Ellen, HUD revised the RESPA FAQs on 4/2/10 but did not address this issue. It makes no sense to me that mortgage originators would be held liable for quoting a fee their borrowers do not pay.
With the last FAQ they cleared up excise tax (when the sellers pay) but are being stubborn with the owners policy.
I wish HUD would adopt the same guidelines as they have for excise/transfer tax.
We are a buyer in washington state attempting to purchase a forclosed home (which we happened to be renting at the time). Our offer was accepted by the bank (m&t bank based in NY) and we went to our lender to sign papers and were told that the bank was refusing to pay the excise tax and the owners title policy and since it wasn’t disclosed to us before when we made the offer, we are having to come up with almost 3300$ of extra cash to cover the costs or raise our interest rate to cover it. Is this legal? Just because the bank is in NY and we are in WA, they don’t have to play by WA state rules?
Thanks for any info as our lender seemed just as confused as we were.
Katie, Do you have a real estate agent? Look at your purchase and sale agreement where these items are addressed as to who pays.
I’m just a title guy so you’ll want a real estate expert to guide you on this!
Katie,
Rob has a good point. In WA state, it is not required to have excise tax disclosed on the GFE since it’s a seller cost… it’s possible that in NY, it is required to be disclosed.
The owners title policy (although typically a sellers cost) is currently required to be disclosed by the loan officer on the GFE–there are certain tolerance levels depending on if you selected the title company from the lenders “written list” or if you did not (as this post refers to). If the LO provided a written list with the GFE and you selected a different title company, they may not be liable for the fee. It’s completely messed up, in my opinion.
Bottom line, I’m hearing of banks playing a lot of games in the 9th hour with foreclosures. What does your RE agent say? For $3300, is it worth contacting an attorney?
To Rob and Katie,
More important than looking in the contract (where we know what it says) is to look at the Bank Counter Addendum to the offer, assuming the bank was in fact the owner at time of sale. The Counter Addendum can sometimes be up to 6-7 pages long, and most often supersedes the language in the contract as written at time of offer, and changes the who pays what parameters in many cases.
So you will find one set of who pays instructions in the original contract, and a completely different set of instructions in the bank counter addendum.
Also, not sure if Katie bought it AT foreclosure at the Courthouse steps, and if that is the case…there are completely different rules for who pays what when you buy AT foreclosure vs pre-foreclosure or post-foreclosure.

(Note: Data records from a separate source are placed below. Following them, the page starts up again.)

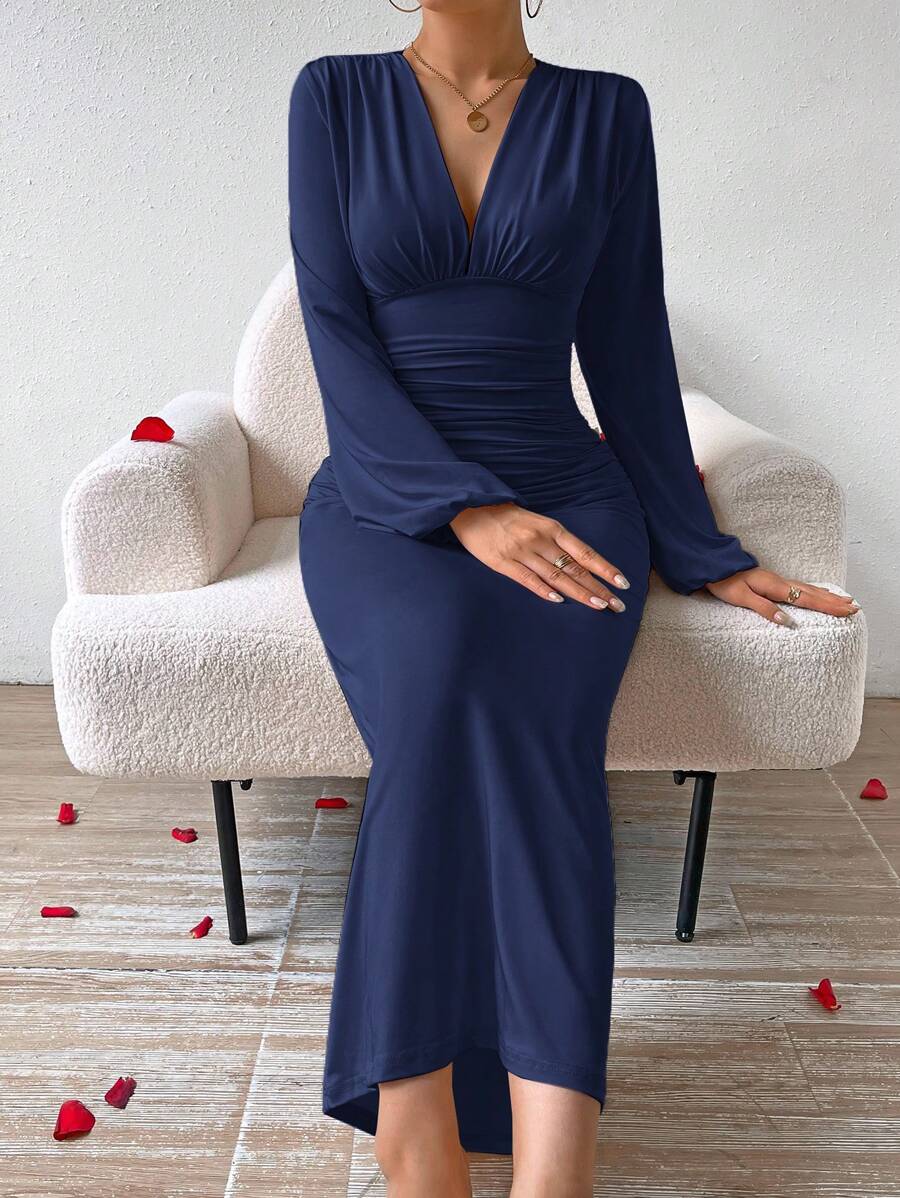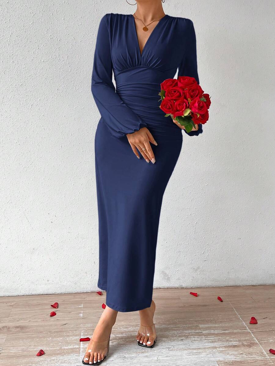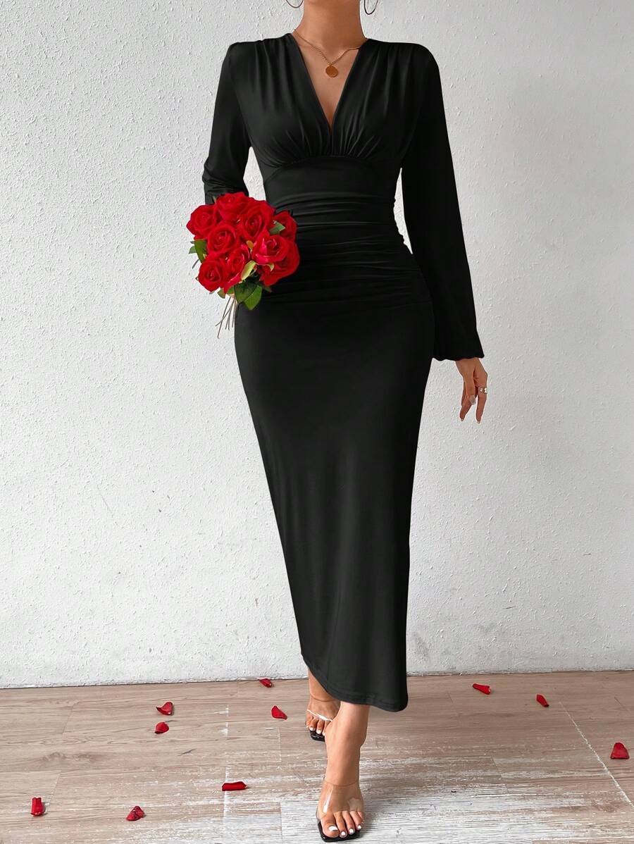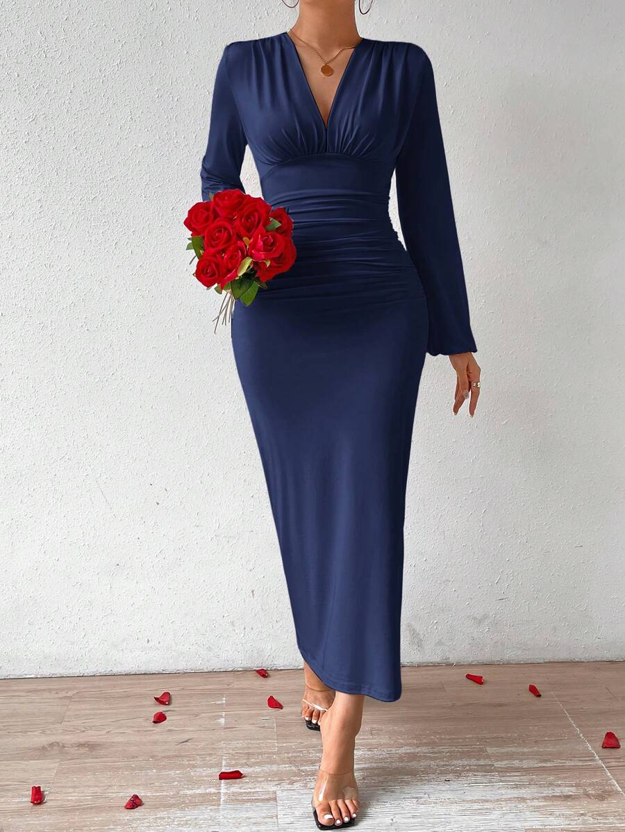Abito Plissettato Da Donna Con Scollo A V Tinta Unita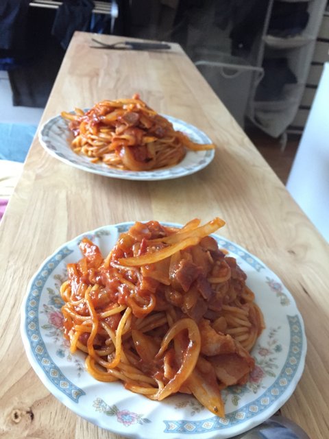 치킨 or 베이컨 or 소세지 + 양파는 토마토소스 스파게티에 꼭 넣는토핑 ㅋㅋㅋ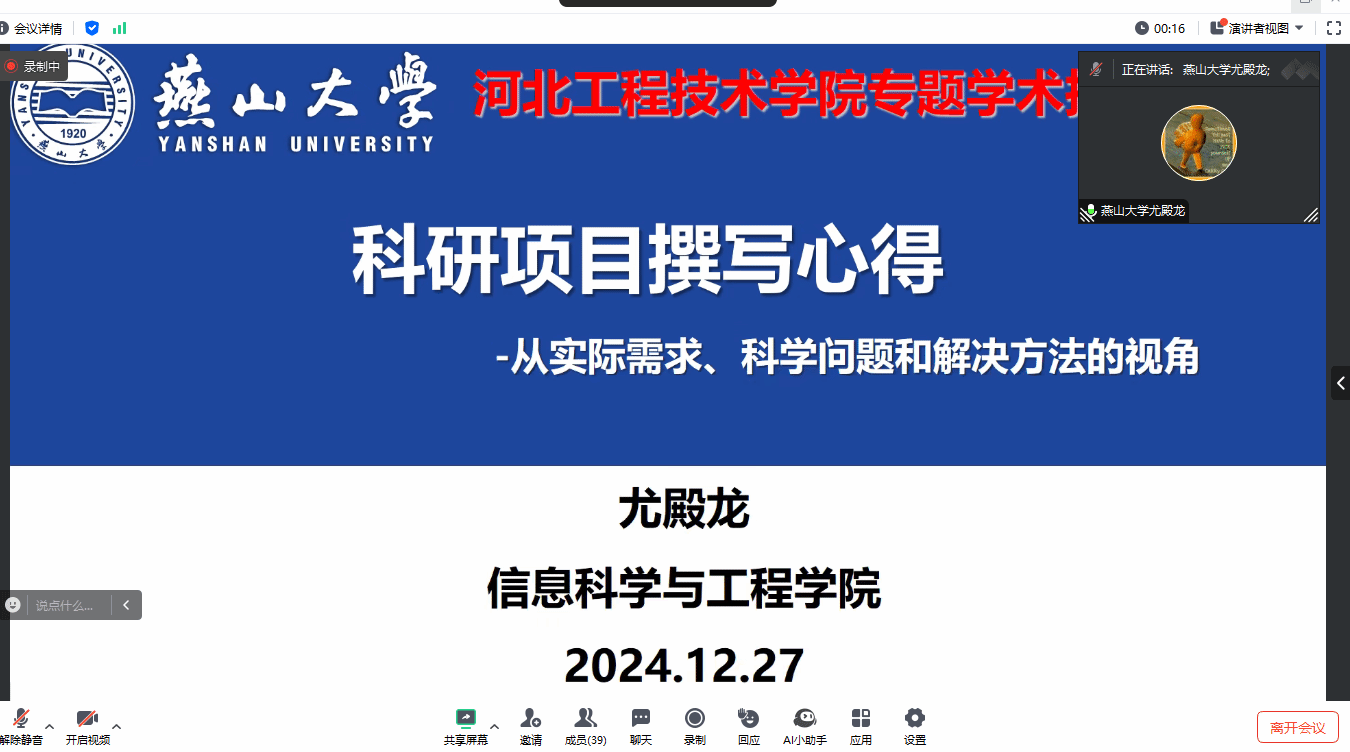 2024年12月27日晚上19:00-21:00,阳成集团tyc234cc在线上腾讯会议顺利举办《科研项目申报书撰写心得》讲座。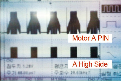 | 그림3-6. 모터의 A terminal과 브릿지 회로의 A high side input |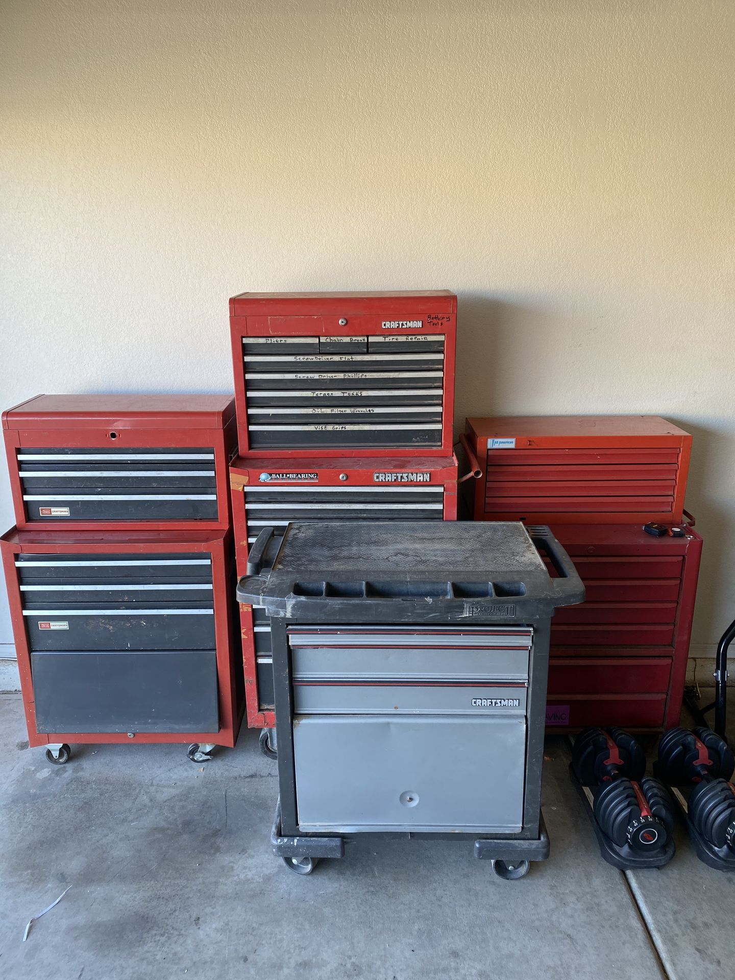 Back left $180 Back middle Sold Back right $180 Front $100 Pick Up Only Keywords Craftsman, husky, waterlod, snap on, blue point, mac tools, matco, us general, task force, stanley, dewalt, tool chest, tool box, tool carto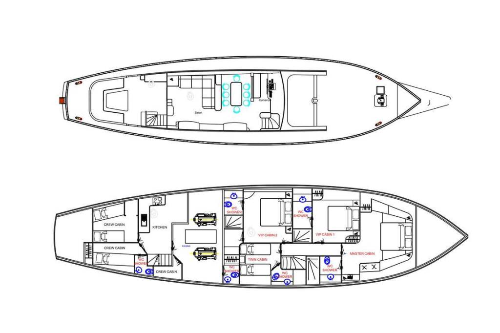Accommodation: -Saloon with A/C, TV, bar, lounge, dining area for 8 guests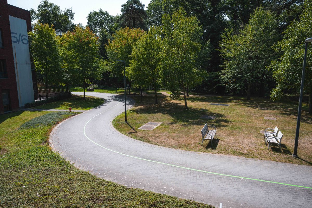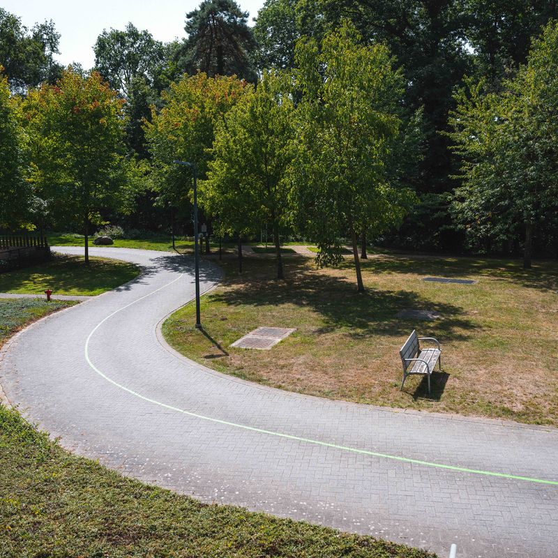 Deze 6,2 km lange wandeling laat je Genk-Centrum op een verrassende manier beleven. Via de groene lijn trek je niet alleen door het stadscentrum, maar ook door de omliggende wijken Molenblook en Vlakveld. Onderweg wisselen groene pleinen, gezellige woonwijken en bosrijke paden elkaar af, met als hoogtepunten het Molenvijverpark, het Emile Van Dorenmuseum en de Welzijnscampus Portavida.

Most people lump those three completely different scenarios together as if they are one…but pre-foreclosure, at foreclosure, and post foreclosure all come with completely different rules with regard to costs, and who does or does not pay them.
Can anyone tell me why the MLDS does not show a seller credit? On the GFE it shows the borrower has to bring in a specific amount, but the MLDS shows a much higher amount to be brought in, which is not including the SELLER CREDIT. Please help, need to explain to homeowner!!!
Chris, what are you referring to with the MLDS? I’m guessing “mortgage loan disclosure statement” but I’m not sure so it’s hard to respond.
The GFE no longer shows a specific amount that the borrower needs to bring in–there is no place for “funds for closing” or “seller credits”.
I use page 3 of the loan application to review seller credits and funds for closing to a home owner. We also have “work sheets” aka “rate inquiry” forms that show these details for our clients.